After receiving this letter, the Marine Committee investigated Commodore
Hopkins. He reacted by dismissing his officers and crew, and in a fit of rage filed
a criminal libel suit against Midshipman Samuel Shaw and Third Lieutenant
Richard Marven, the two officers who admitted to having authored the petition.
The suit was filed in the courts of Rhode Island, whose last colonial governor
had been Stephen Hopkins, a signatory to the Declaration of Independence and
the commodore’s brother.
The case was assigned to a judge appointed by Governor Hopkins, but before
the trial commenced Shaw and Marven were saved by a fellow naval officer,
John Grannis, who broke ranks and presented their case directly to the
Continental Congress. The Continental Congress was so alarmed by the
precedent being set by allowing military complaints regarding dereliction of duty
to be subject to the criminal charge of libel that it intervened. On July 30, 1778,
it terminated the command of Commodore Hopkins, ordered the Treasury Office
to pay Shaw and Marven’s legal fees, and by unanimous consent enacted
America’s first whistleblower protection law. This law declared it “the duty of all
persons in the service of the United States, as well as all other inhabitants
thereof, to give the earliest information to Congress or any other proper authority
of any misconduct, frauds, or misdemeanors committed by any officers or
persons in the service of these states, which may come to their knowledge.”

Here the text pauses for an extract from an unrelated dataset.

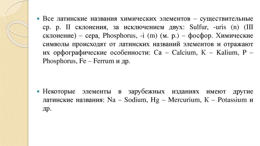 Все латинские названия химических элементов – существительныеср. р. II склонения, за исключением двух: Sulfur, -uris (n) (III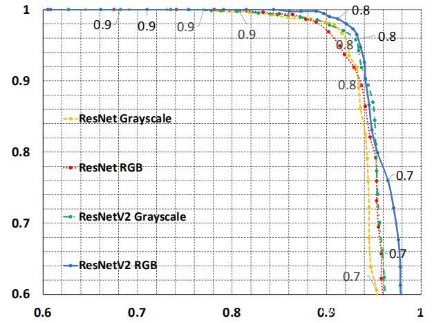 还尝试了一种替代性骨干网和一种替代性输入(就logo颜色而言)。将Resnet50和RestnetV2-50作为骨干网进行实验,并考虑两种形式的logo输入-一种是RGB,另一种是灰度。通过将Siamese模型的相似性阈值从0.5更改为0.9,以0.05为间隔,可以在下图中绘制每种配置的精确调用曲线。通常,四种配置的性能是可比较的并且可以接受。此外,带有RGB logo的Resnetv2(蓝色曲线)可实现最佳性能。根据以上结果得出结论,Faster-RCNN和Siamese模型在识别和比较logo方面均具有良好的性能。

The law gave me hope—and it still does. Even at the darkest hour of the
Revolution, with the very existence of the country at stake, Congress didn’t just
welcome an act of principled dissent, it enshrined such acts as duties. By the
latter half of 2012, I was resolved to perform this duty myself, though I knew I’d
be making my disclosures at a very different time—a time both more
comfortable and more cynical. Few if any of my IC superiors would have
sacrificed their careers for the same American principles for which military
personnel regularly sacrifice their lives. And in my case, going up “the chain of
command,” which the IC prefers to call “the proper channels,” wasn’t an option
as it was for the ten men who crewed on the
Warren
. My superiors were not only
aware of what the agency was doing, they were actively directing it—they were
complicit.
In organizations like the NSA—in which malfeasance has become so
structural as to be a matter not of any particular initiative, but of an ideology—
proper channels can only become a trap, to catch the heretics and disfavorables.
I’d already experienced the failure of command back in Warrenton, and then
again in Geneva, where in the regular course of my duties I had discovered a
security vulnerability in a critical program. I’d reported the vulnerability, and
when nothing was done about it I reported that, too. My supervisors weren’t
happy that I’d done so, because their supervisors weren’t happy, either. The
chain of command is truly a chain that binds, and the lower links can only be
lifted by the higher.
Coming from a Coast Guard family, I’ve always been fascinated by how
much of the English language vocabulary of disclosure has a nautical
undercurrent. Even before the days of the USS
Warren
, organizations, like ships,
sprang leaks. When steam replaced wind for propulsion, whistles were blown at
sea to signal intentions and emergencies: one whistle to pass by port, two
whistles to pass by starboard, five for a warning.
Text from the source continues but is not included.